Behemoth - The Satanist (2014)Release ID: 2528
I decided to rush ahead to Behemoth's chosen masterpiece (as decided on by the whole damn internet apparently) after having heard their first three albums. A little feeling in my gut told me that it would be a good idea to compare the albums after the first three to their best (if I agreed that it was good), so I jumped right into it. The moment I've been waiting for was rushed right into, and was it a good idea to get right to it? I think it was. Now I've got a real benchmark for the rest of the Behemoth catalogue.
Early on, the guitar work blew me away. It was a good idea to rush into this just to see how much they improved. The musicianship is very clever, and occasionally even phenomenal. Songs like “Amen” and “Blow Your Trumpets Gabriel” make the incredible level of epica feel like eight-minute epics rather than the standard length songs that they are. And each song has its own strengths. While “Furor Divinus” works beautifully on the melodic black death aspect with a brutal pace, the slower and more Gothic title track switches between the tribal influence and the genre art. Having said that, I would consider the title track the worst for being the most monotonous and least melodic. It even saves its darkest track for last, a seven-minute epic that gets really creepy and stays that way, throughout the slow-moving orchestral rhythms and the quick and quirky solo.
Now I did find one very important fault with the album, and it's the fairest one I can think of: In comparison to other eclectic and guitar-driven black metal albums, there are quite a few that I can think of that did it better.
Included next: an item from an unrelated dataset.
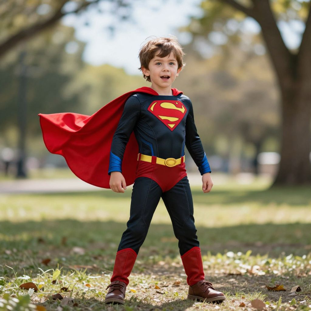 Photograph of a young boy in a Superman costume, red cape blowing, standing in a sunlit park with blurred trees.

The first that comes to mind would be Blut Aus Nord's 777 – The Desanctification, which does everything this album does save the death metal, but with a more outgoing and experimental approach. And that's the worst of the 777 trilogy. Beyond that, The Satanist stays a pretty interesting album all the way through.
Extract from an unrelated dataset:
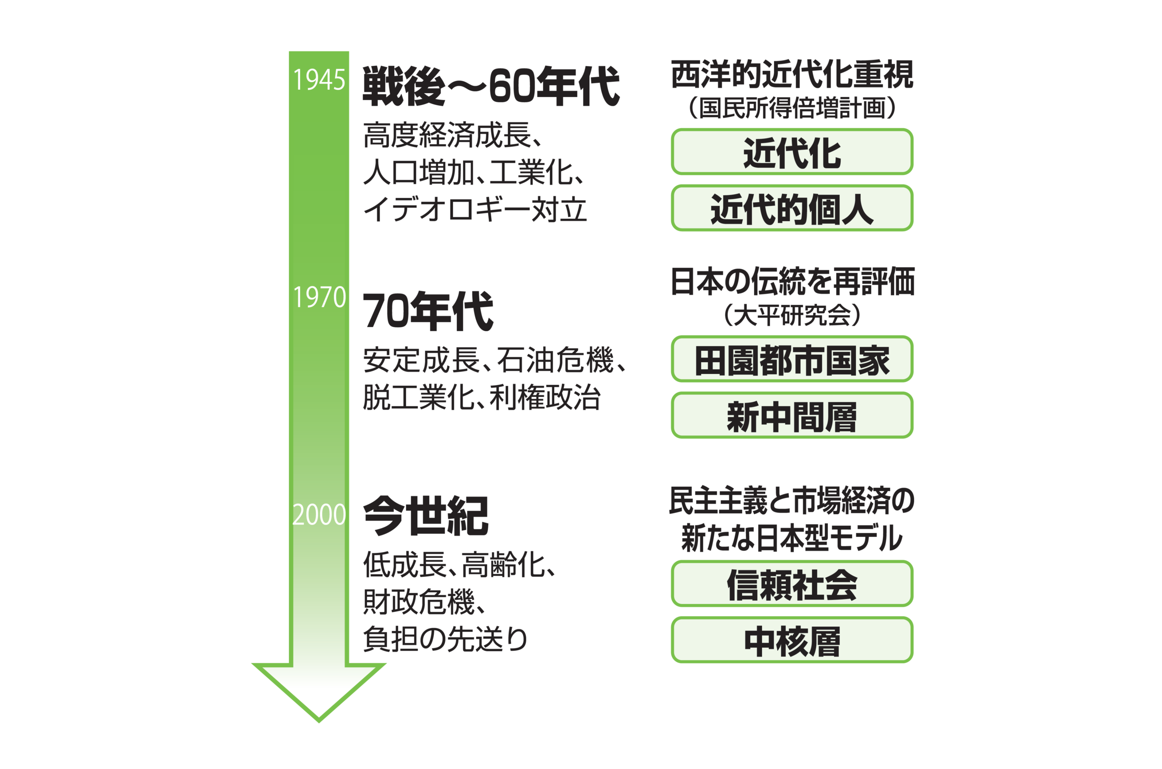 NIRAオピニオンNo.12 2014.12.19 中核層の時代に向けて この記事は分で読めます シェア Tweet 宇野重規 東京大学社会科学研究所教授 谷口将紀 東京大学大学院法学政治学研究科教授 牛尾治朗 総合研究開発機構(NIRA)会長 概要 21世紀の今日新たな日本の長期的指針を模索するためには、次の3つが必要である。第1は、未曾有のグローバル化によって揺さぶられる現代日本社会にとって何が自らの拠って立つ規範の根源か、その歴史と文化を振り返りながら問い直すことである。「日本とはいかなる社会なのか」、「何を大切にする社会なのか」を明らかにすることは、緊急の課題である。第2は、成熟社会を迎えてますます注目が集まっている、「人と人とのつながり」と「地域に根ざした暮らし」である。現代日本社会においては少子化や高齢化が進み、孤独化や社会的排除の問題も深刻になっている。この問題がとくに如実に現れると同時に、それを解決する鍵ともなりうるのが「ローカルな」場である。政治や行政における集中と分散の新たな組み合わせと、それに見合った経済構造の実現が重要である。第3は、それを可能にする政治のあり方である。1990年代以降の選挙制度改革はたしかに政権交代をもたらしたが、達成の実感には乏しい。今あらためて見直さないといけないのは、制度の基盤となる社会組織、さらにはそれを担う人間像である。民主主義をめぐる考察を制度→組織→人間へと深化させていかねばならない。以上の課題を、今こそ真剣に考えたい*。 PDFで読む (1.6MB) INDEX 1.「中核層」を軸に信頼社会を築け-財政再建、国民負担増の先にある日本社会の姿とは?- デフレ脱却後の真の危機 スマートな日本社会のあり方とは? 民主主義と市場経済の緊張の高まり 「日本の自殺」と大平研究会 日本型組織を再編せよ 「中核層」とは何か 政党政治の立て直し 「その先」にある日本社会の姿 2.中核層の時代に向けて-自らの人生と社会を選び取る人びと- 日本社会の基本条件 日本社会の未来像 信頼社会の構築に向けて 中核層とは誰か グローバル都市とコミュニティ 3. 続 中核層の時代に向けて-地方を創生するのは誰か- 行政サービスを公共サービスと捉え直す 地方政府のあり方を問う 地域に応じた課題 中核層が連携した地域社会をつくる 国は何をすべきか 政党が果たす役割とは? 付録 対談「中核層」が主導する情報社会の変革-政府と市場の亀裂は修復可能か- 脱原発論にも似た「ゼロ成長論」 時代を循環で捉えた「15年周期説」 内に向かう日本のアカデミズム 従来のエリートが不要になる 行政を補完するピア・ネットワークの誕生 1.「中核層」を軸に信頼社会を築け-財政再建、国民負担増の先にある日本社会の姿とは?- 日本経済に一条の光が差している。昨年末以降の円安によって輸出産業を中心に企業の業績が上向き、政府の補正予算と日銀の金融緩和の後押しもあって、日経平均株価はリーマン・ショック以前の水準を回復した。今年の春闘では賃金の引き上げ額が昨年を上回り、世論調査でも「日本の景気はこれから良くなっていく」という回答が6割を超えた(投票行動研究会〈JESV〉電話調査、2013年3月1~4日)。 しかし、この明るさはほんとうに日本の夜明けを告げる曙光なのか。それとも、蝋燭の炎が燃え尽きる寸前の輝きにすぎないのか。アベノミクスの1本目、2本目の矢が国民の喝采を受けるほどに、われわれの脳裏には大平正芳元首相の次の言葉が、四半世紀の時を超えて響きを増す──。 政治が甘い幻想を国民にまき散らすことはつつしまなくてはならない。(1978年12月9日付『朝日新聞』) 政治、そして民主主義にとっての最大の課題は、自らの置かれた状況を直視し、それがどれだけ厳しい選択であれ、国民自身が未来を選んでいくことにある。安易な楽観主義を排し、自らを厳しく律することができて初めて、真の意味での希望がよみがえってくることを忘れてはならない。 デフレ脱却後の真の危機 デフレからの脱却、名目3%以上の経済成長を緊急課題とする、安倍内閣の現下の経済運営に異論はない。しかし、わが国が直面する真の危機とは、デフレを抜け出したあともなお残る、高齢化社会と財政危機であり、かつ、そこから与野党が目を背けていることである。 3月末に公表された国立社会保障・人口問題研究所の推計によれば、2040年にはすべての都道府県で65歳以上の高齢者人口が3割を超し、半数近くの市町村では住民の40%以上が高齢者によって占められるようになる(国立社会保障・人口問題研究所「日本の地域別将来推計人口〈平成25年3月推計〉」、平成25年3月27日)。現在でさえ国・地方の長期債務残高がGDPの2倍に達しようとしているところ、さらなる少子高齢化による社会保障費の膨張は、わが国財政ひいては国民生活にただならぬ影響を及ぼしかねない。 経済成長をもたらせば財政再建は可能とする向きもごく一部に見られる。とはいえ、内閣府の試算によれば2011~2020年度の平均成長率が名目3%、

Well, I'm glad I've got a real benchmark for comparing future ventures into Behemoth. I would easily recommend this for the black metal fan, as it makes for a straightforward and talented entryway into both death and black metal. Having said that, I've already heard hundreds of other black and death metal albums, but I would still recommend this for those who want to try it... unless you're a strict Christian.
Album of the Decade? Not Quite
If you were to ask me what the most important albums of the decade were; the ones that we can look back on in another ten years from now and say "that's what the 2010s were all about!" I would assume most people would say Behemoth's The Satanist somewhere in their top ten. And I would have to agree. This album is pretty filthy blackened death metal that someone like me would come to appreciate. It doesn't sound sloppy or unfinished. The production is solid and Nergal's vocal delivery is some of the best it has been in Behemoth's entire discography.
However, Behemoth are a band that have been doing this shtick for a long time and it should come as no surprise to anyone. Ghost get a lot of flack for being a satantic worship cult even though their music is way too safe and mainstream. If normies are worried about cults, this is the group that they should be worried about! But where Behemoth falls short of Ghost is those grooves and hooks that are desperately lacking.Most people who listen to this won't need them and I can understand. But outside of some great riffage and technical proficiency, this album just lacks the core to keep me coming back.
This isn't a bad record. In fact, it's pretty damn excellent. I just wish that Behemoth could do something more with the genre, the subject matter and the songwriting than this. Behemoth created this album almost as a jumping on point into death metal and it serves its purpose surprisingly well. But I like my melodic metal, which does make me feel isolated from the rest of the crowd at times, but I'll stick with Omnium Gatherum, Insomnium, and Scar Symmetry.